Is this because the Trend wasn't eddective enough for you Chas? I am aware that you a really susceptible to dust problems. I hope this one works well for you but you can't have the Iroko back :lol: 



Pete


----------



## CHJ (1 Mar 2009)

cornucopia":2qok5s45 said:


> very intresting chas- where did you get this unit from? 3m don't supply direct do they?


I picked it up from Greenham's (see links above) Bristol branch *George*, they sell on line with a price discount but waiting in for parcel deliveries usually disrupts us so much, I paid counter cost.


----------



## CHJ (1 Mar 2009)

wizer":22mzyiji said:


> Am I to assume the main decision was made based on weight? That's what has put me off the Trend version. However both types might not be good for my back.



Yes *Tom,* weight was a factor with the new Trend, my main problem with it was the top heavy nature of it's distribution.

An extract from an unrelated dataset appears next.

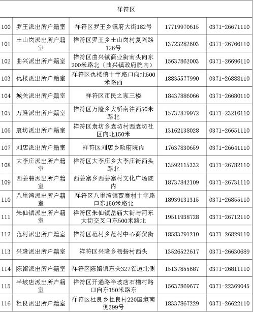 开封市祥符区各辖区基层派出所户籍室地址和电话信息大全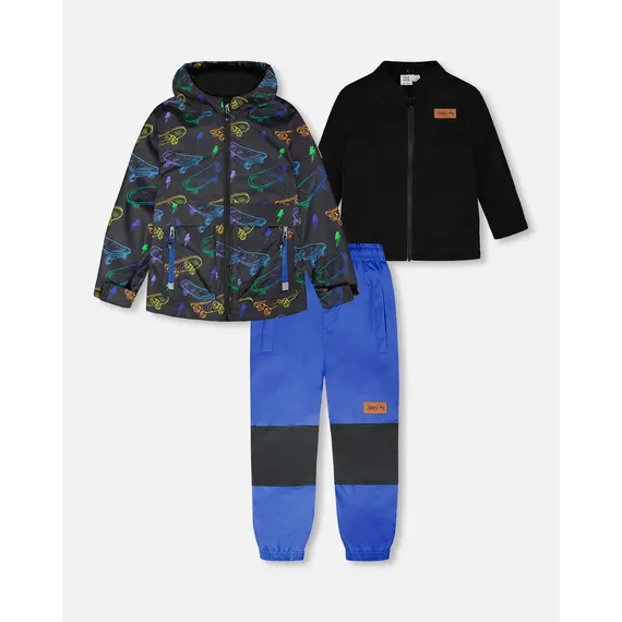 Детский демисезонный костюм Deux par Deux для мальчика из коллекции весна/осень 2026 года. В комплект входят куртка, брюки и жакет из микрофлиса. Костюм изготовлен из высокотехнологичной мембранной ткани 3000/3000 с водоотталкивающей пропиткой. Данная ткань не промокает, хорошо защищает от ветра и сохраняет дышащие свойства. Брюки на коленях и по низу штанин усилены износостойким материалом Cordura.

As far as the Air unit is concerned the belt supplied is quite wide which is comfortable and I found that after about an hours use I forgot it was there until I bumped into something stepping back.

If you are concerned about the weight on you back I would suggest you attach something of similar weight to a belt and try it, the air feed pipe is long enough to allow positioning on the hip or even at the front.


----------



## TobyB (1 Mar 2009)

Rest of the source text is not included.